I think that there is an inherent sense of conflict that arises as you journey down a process of becoming more intentional and conscientious in your actions. For me (and I’m sure for many of my peers) there developed a persistent voice in my head constantly questioning the impacts of my actions, and whether I may actually have been doing more harm than good. In India while we were attempting to teach English to native Hindi speaking children, there arose many ethical questions about whether what I was doing was actually beneficial. I developed close relationships with some of my students over the course of my stay, and unfortunately did not possess the necessary Hindi skills to express my gratitude and love for them when I was eventually forced to leave. It left me with such a sense of guilt that I had acted as an imposter in their lives, inserted myself into their communities and become emotionally attached to them, only to leave them with no adequate explanation as for why. Coming to terms with this was a long process of accepting that I was there to learn not to change their situation, and reveling in the gratitude I felt for having the chance to know my students.
You had a lot of opportunities to take trips independently. Did you find them valuable?
I found Independent Student Travel to be so liberating. It was a great opportunity to be responsible for every facet of travel, lodging, and activities, and being trusted with that level of responsibility gave me such a sense of empowerment. One of my favorite IST experiences was in South Africa when a group of six of my friends and I visited Cape Town. We stayed at a backpackers called the Penthouse on Long Street, and it was absolutely incredible. Having the experience of staying in an international hostel with people from all over the globe who were doing similar things as me was such a unique experience. My friends and I became close with a group of Australian travelers who gave us helpful tips on what to check out in Cape Town and we swapped stories about our international experiences. I loved the experience of interacting with other young people of so many different nationalities all in one same place. There is something to be said for making connections with people in countries that neither of you call home.
Have you traveled abroad since your gap year?

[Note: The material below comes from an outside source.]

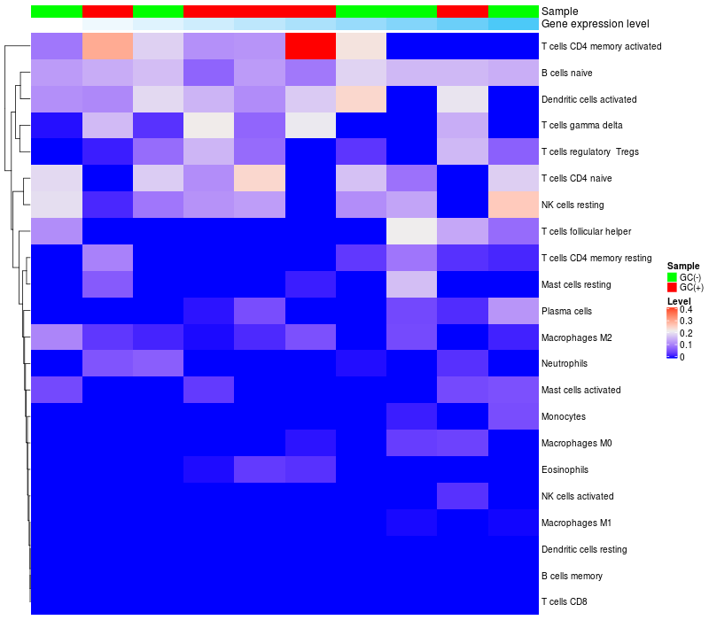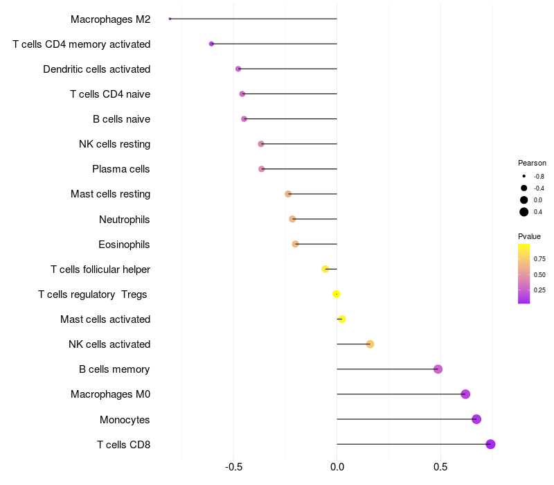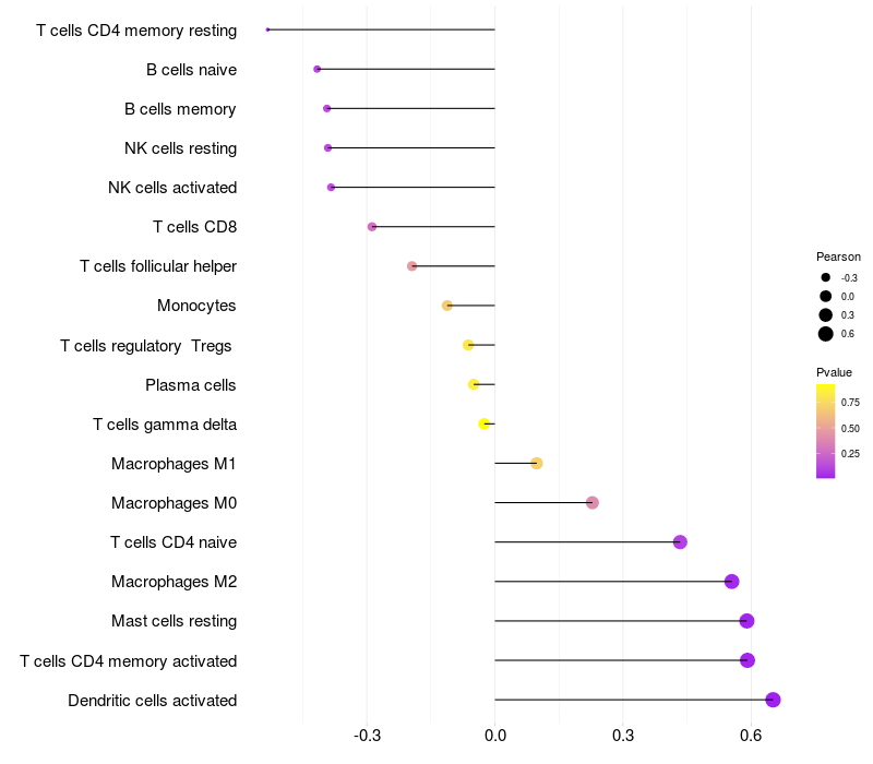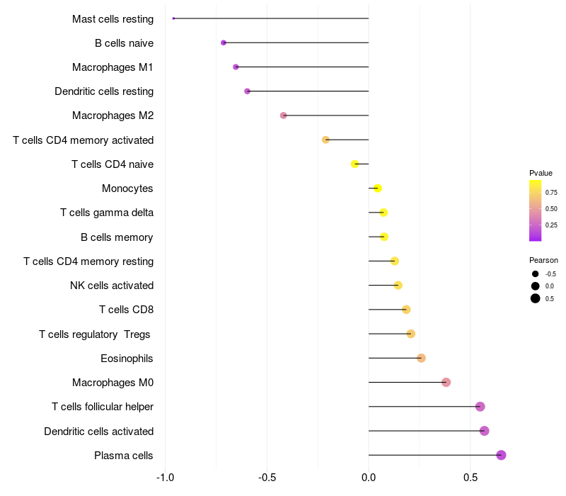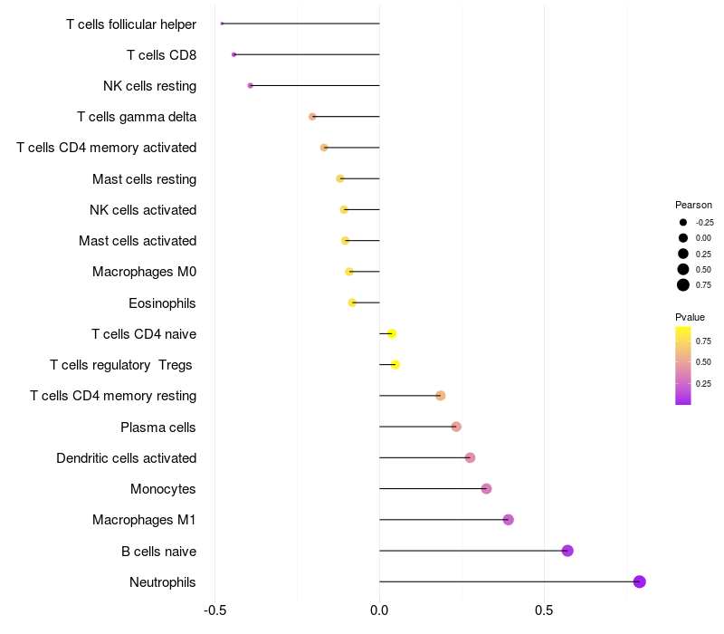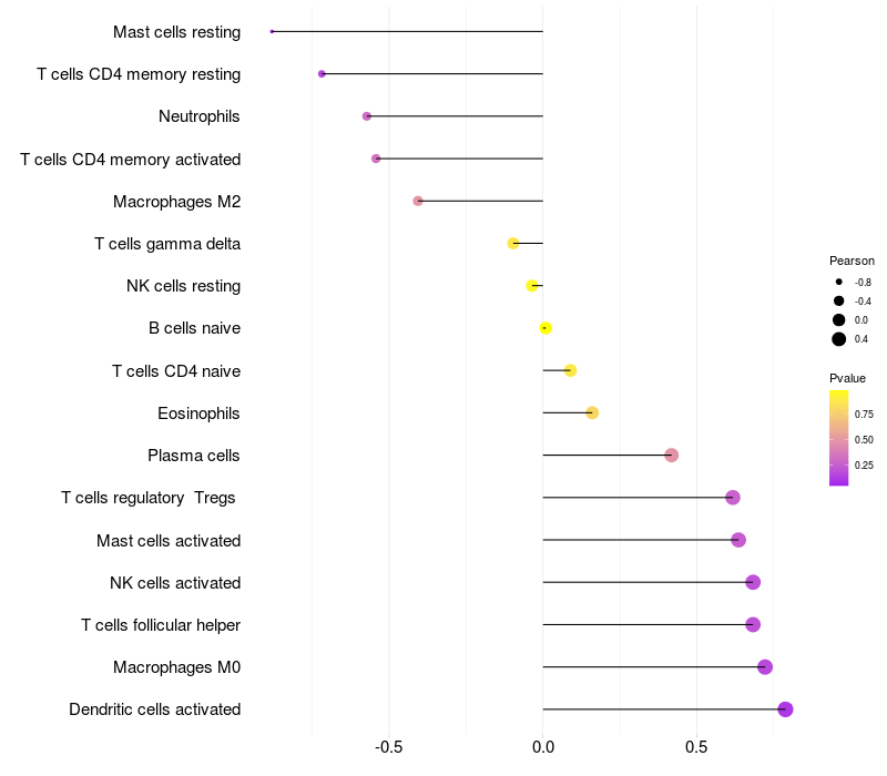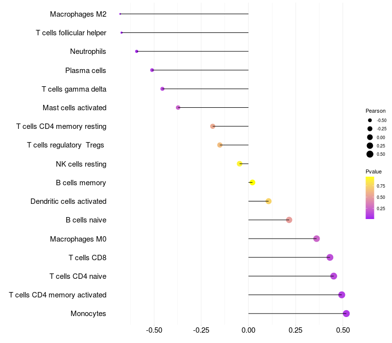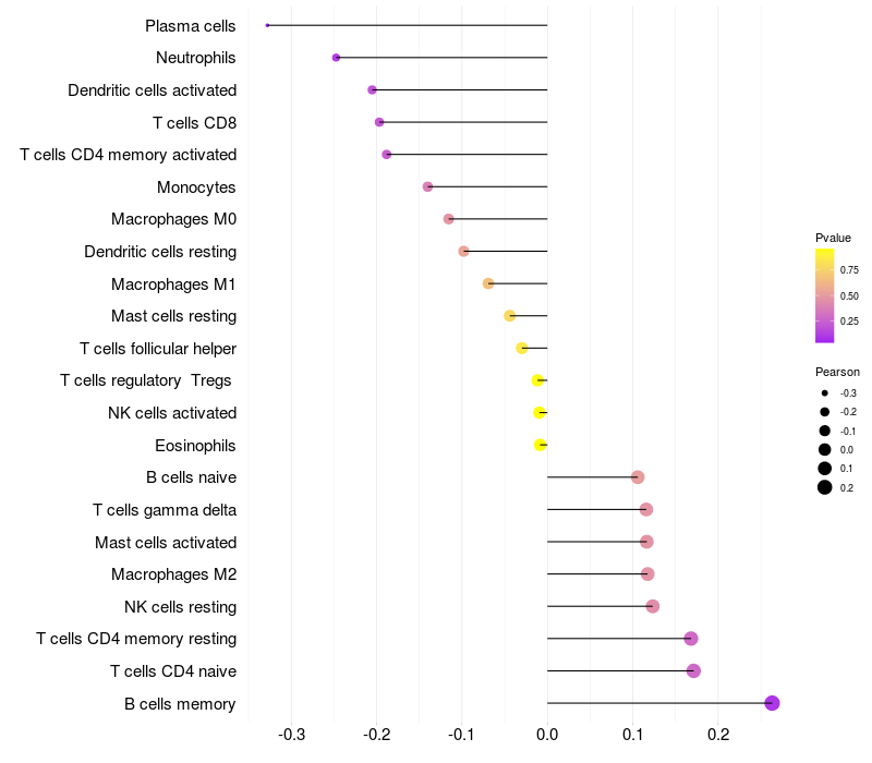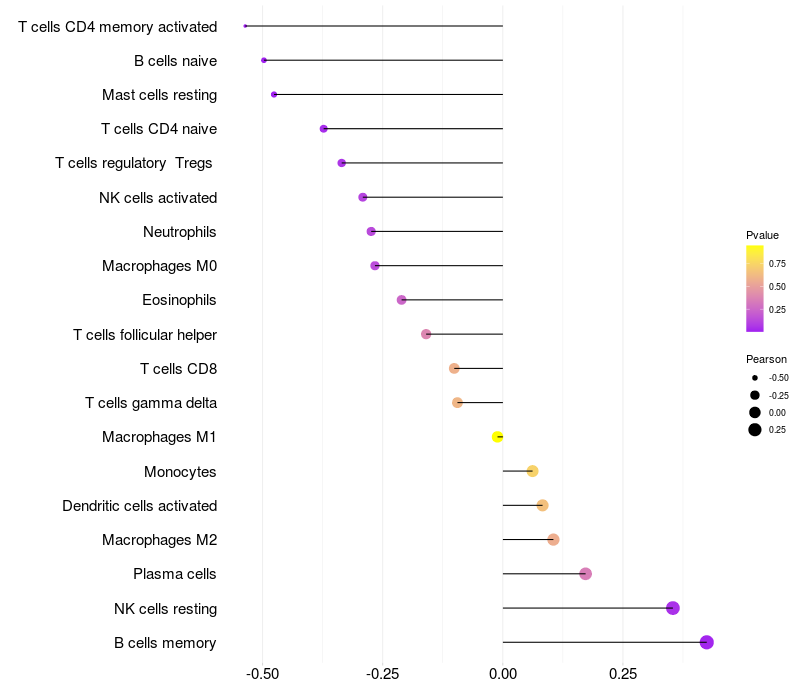 Lollipop of GJA10 expression and immune infiltrating cell level correlation result in EBV+ samples

I have not had the opportunity to travel abroad since my trip. However, I’m not sure I’m prepared to yet. Coming home from such an amazing trip where we debunked so many of our own personal assumptions left me questioning what it truly meant to be a citizen of the United States. I have felt increasingly critical of my own native country as I’ve realized their not-so-stellar international reputation. I recognize that this skepticism of the US (even though it can sometimes be useful) was not the intention of TBB nor something I should have taken away from the program, and I hope that in the pursuit of answering the question of what it means for me to be a citizen of the United States that I can then redevelop my identity as an American to benefit my international impact. Before I am ready to do any further international exploration I would like to first do some travel within my own country’s borders and reimagine a new relationship with the U.S. So, no, I have not traveled abroad since my gap year, but hopefully you’ll catch me on the West Coast soon enough. I’ve never been, and I’m dying to see what it’s about!